My beneful comment was followed by and eye roll, if anyone misinterpreted that. I DO NOT feed it (my boss and brother do), and am not sure why anyone would. A dog food that has sugar in it juuuuust doesn't seem right to me.

I stand corrected by my mother... (we had a discussion tonight) Diamond makes Taste of the Wild, not Natura. Natura sold to Procter and Gamble... they make Innova, Evo, Cal Nat, Health Wise, Mother Nature, and Karma. Diamond - as far as I know - is still it's own company. 

I - personally - can't feed Tate Taste of the Wild in any flavor.
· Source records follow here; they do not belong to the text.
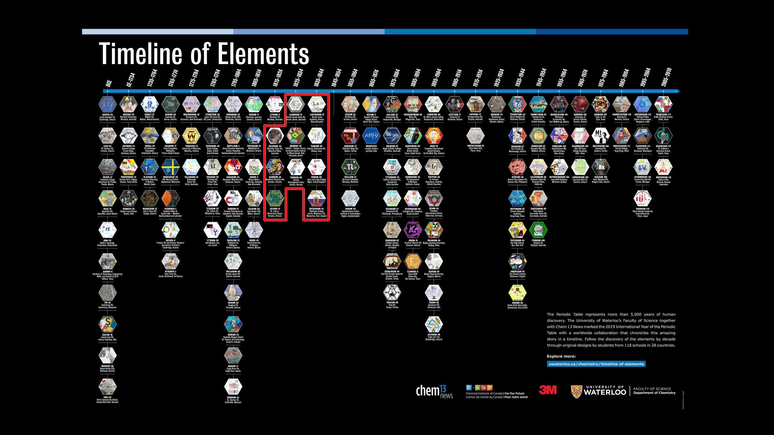 This series is a companion to our International Year of the Periodic Table project — Timeline of Elements and Mendeleev Mosaic. Time periods from our timeline project will be featured highlighting the historical and scientific advancements resulting in the discoveries of the elements of that period. James Marshall researches the history of the discovery of the elements. His studies have carried him to over 20 countries where he has photographed and documented specific sites which he describes in his publications on chemical history. Explore the artwork for the Timeline of Elements for Berzelius' World (1815-1844) with individual discovery stories of each element with acknowledgement to artist(s), teacher, school and countries on our Timeline of Elements website.
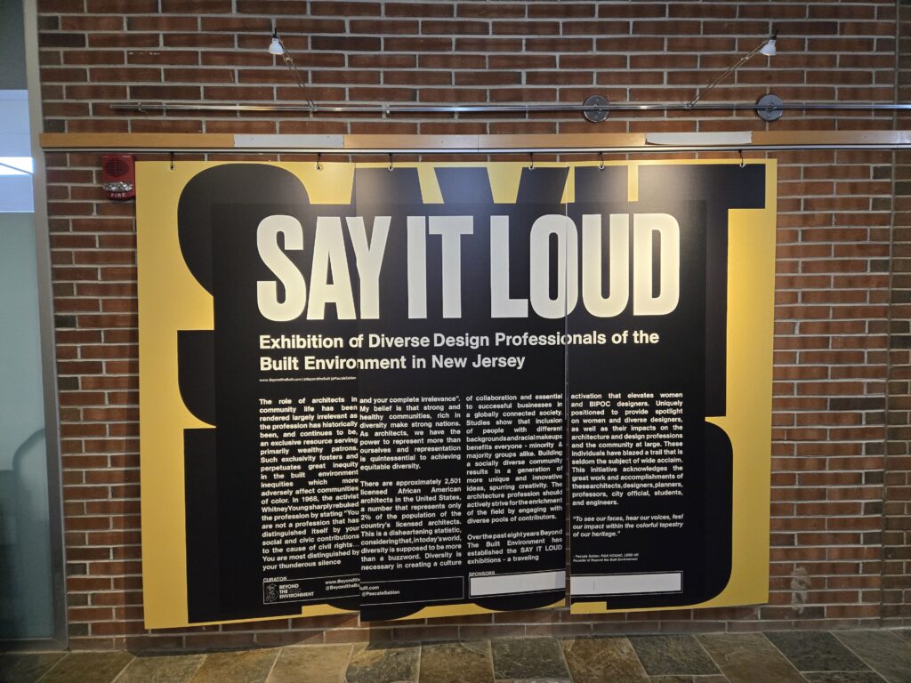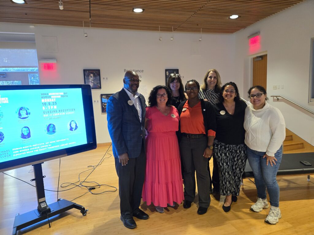 Colleagues gathered with students and faculty on World Architecture Day to recognize the closing of Pascale Sablan’s successful SAY IT LOUD exhibit. We also celebrated the kick-off of Hispanic Heritage Month, honoring the professional contributions of Hispanic women and other underrepresented professionals in architecture. AIA New Jersey EDI and WIA sponsored this free celebration, open to all.
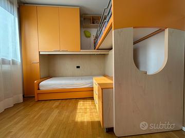 Composta da letto con secondo letto estraibile, letto rialzato scorrevole con scalatta a cassettoni, cassettiera con ruote (L 90 cm) scrivania con cassettiera (L 135 cm) due librerie (L60 H64 cm) un modulo a giorno (L120 cm) .
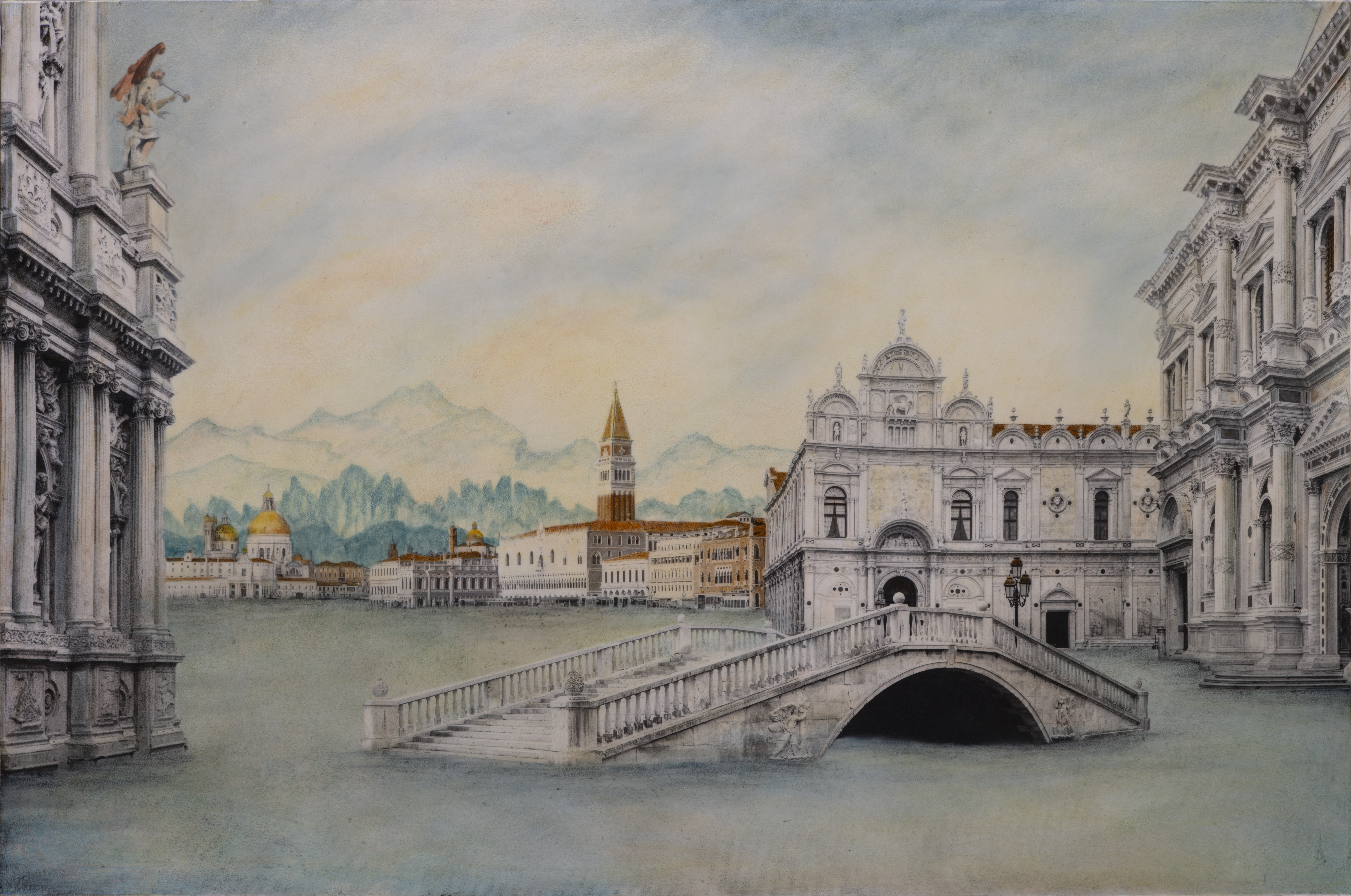 Capriccio Sul Canal Grande captures a visionary reimagining of Venice’s iconic waterway, blending architectural precision with a dreamlike atmosphere. The composition balances familiar landmarks with imaginative elements, suggesting both the city’s timeless beauty and its fragile relationship with nature and time. Through delicate interplay of light and shadow, and a nuanced palette, the work evokes a contemplative mood of transformation and persistence. The painting is a work in progress, reflecting an ongoing dialogue between reality and artistic vision, where tradition meets innovation in a vibrant urban landscape.
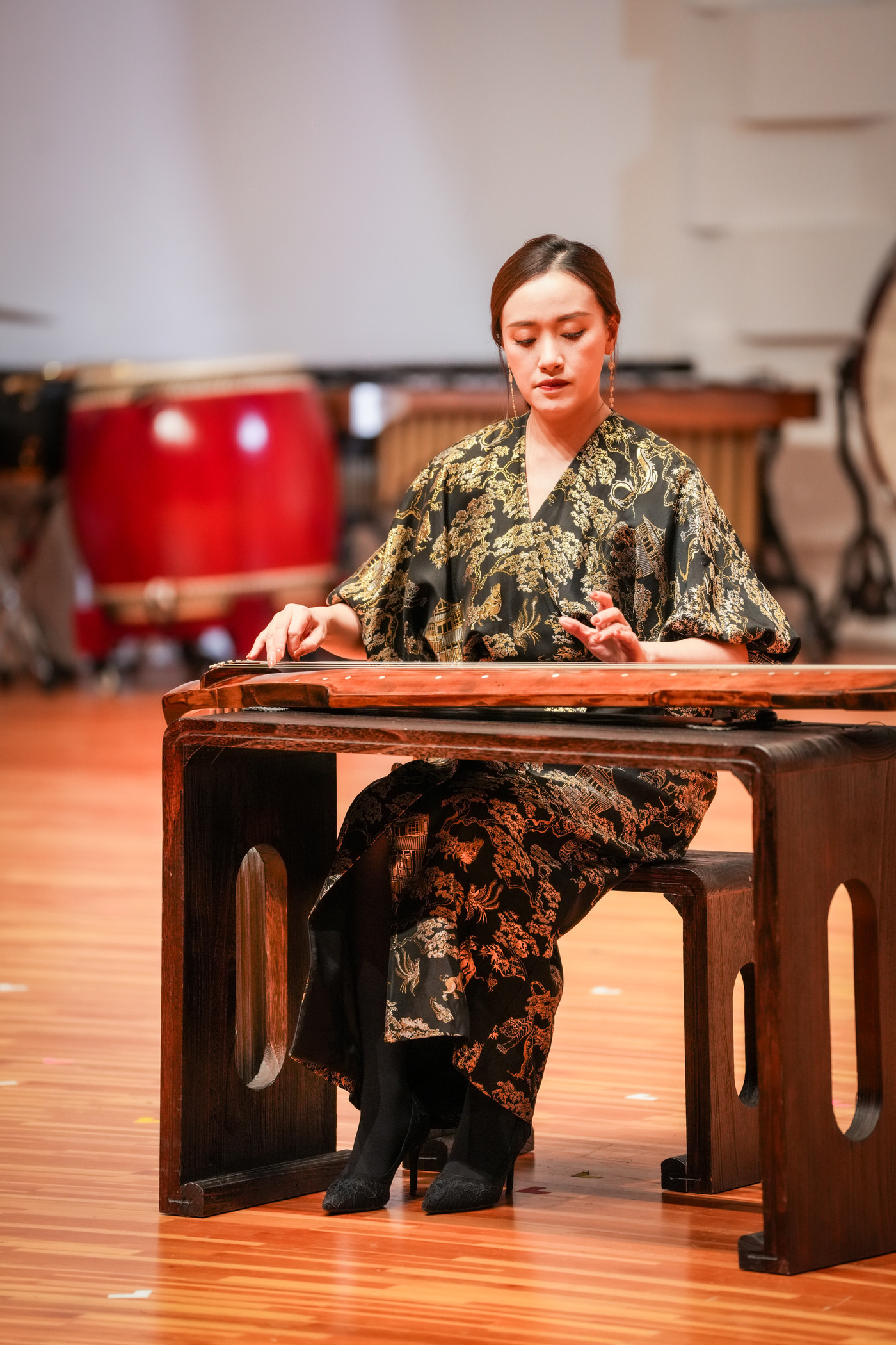 本次專場以“青春演繹·民族共鳴”為主題,廣東吹打樂《醒獅鼓樂》以鏗鏘鑼鼓配合高亢號聲開啟演出,以奔放的節奏展現出鮮明的地域音樂特色;隨后上演的古琴曲《廣陵散》,以沉雄古樸的音色傳遞出古曲的歷史厚重感;三弦獨奏《夢中云南》則以靈動旋律,展現了云南地區的自然人文風貌……風格迥異的曲目輪番上演,帶領觀眾沉浸在民族音樂的美好氛圍中。
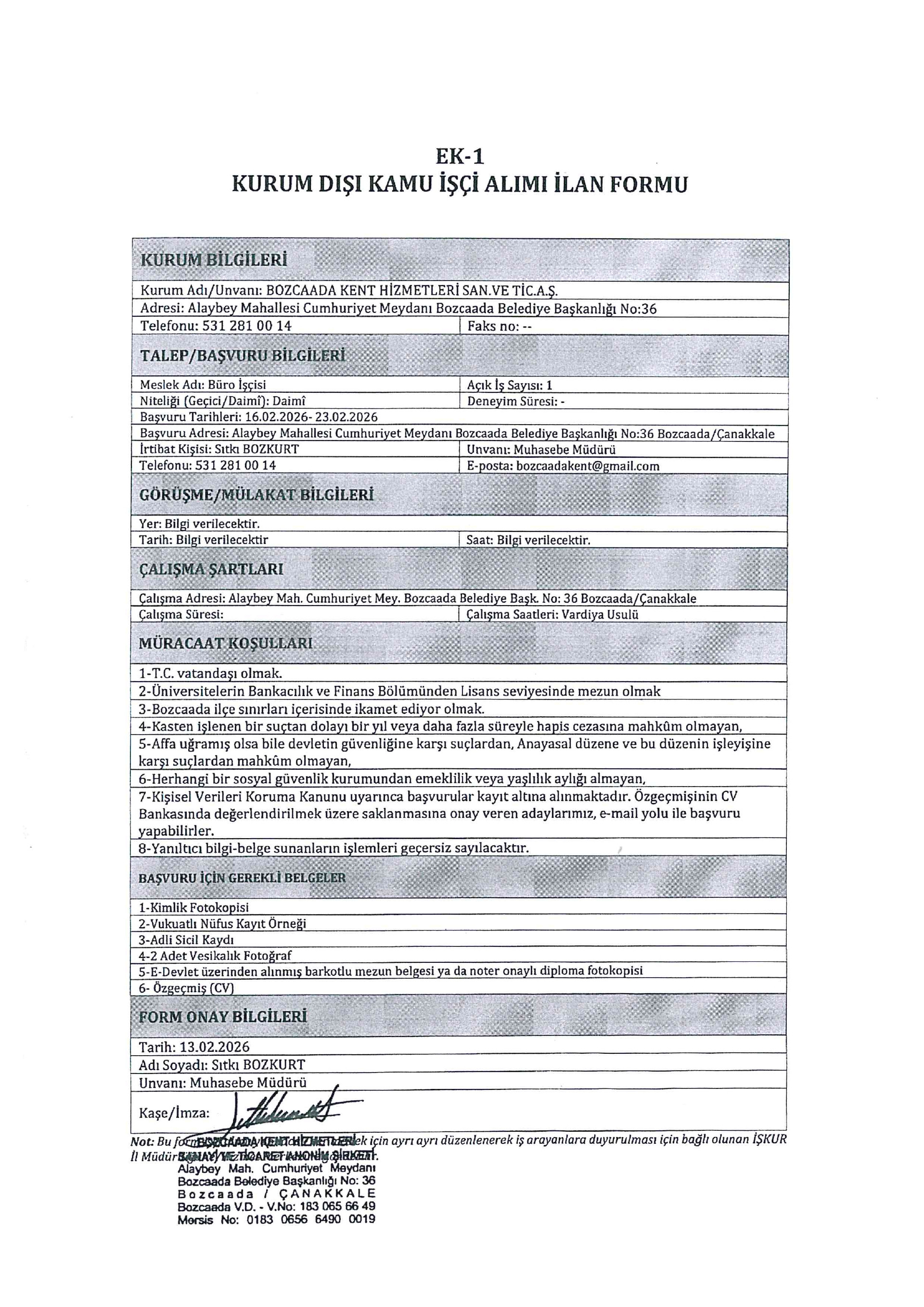 Bozcaada Kent Hizmetleri 1 İşçi Alacak. Son başvuru tarihi 23 Şubat 2026

It doesn't sit well with his sensitive stomach.

Sorry for any confusion! I mixed my thoughts up and didn't re-read before posting!

------------

Any news on Flint River Ranch food? I am buying new food for Tate tomorrow, and one of the places I am stopping off to check carries this. It might be a liiiittle too expensive for me, however, I can't find how much it is at my local dealers without heading there in person.


----------



## partial2poodles (Feb 11, 2010)

many years ago I was sucked into the Flint River Ranch sales pitch. The claim that it is baked (as if on a cookie sheet then broken by hand into littler chunks) as opposed to being produced by an extruding machine. I fell for that, as if baked potatoe chips are better for you than fried ones.

Last summer I went to the big County Fair and there was a table selling Flint River Ranch so I mosied over to see what the ingredients were.

SUCH CRAP I couldn't stand it. I didn't want to start yelling at the poor lady selling it but I felt like telling her it has too much GRAIN. Its really a very poor food in my eyes. I really like the food I sell. I always tell clients who want a better food.....this food is really great FOR THE MONEY. Its not overly expensive, has no corn, wheat or soy. It eliminates ear, eye and skin problems....stops the paw licking and chewing at the base of the tail. I sell tons of it each month and I see complete turn-a-rounds on dogs who formerly went to the vet several times a year for those problems.
Tell me if it makes the GLUTEN FREE LIST. I'm not sure, but I don't know if rice is a gluten.

Dog Lovers Gold I sell the 33# bag for $36


----------



## HiSocietyPoodle (May 2, 2010)

*partial2poodles* -- You are right about Flint River Ranch being crap.  Here is a list of a few types of their dogs foods. I highlighted some of the bad stuff in it. It had more wheat (gluten) than most dog food.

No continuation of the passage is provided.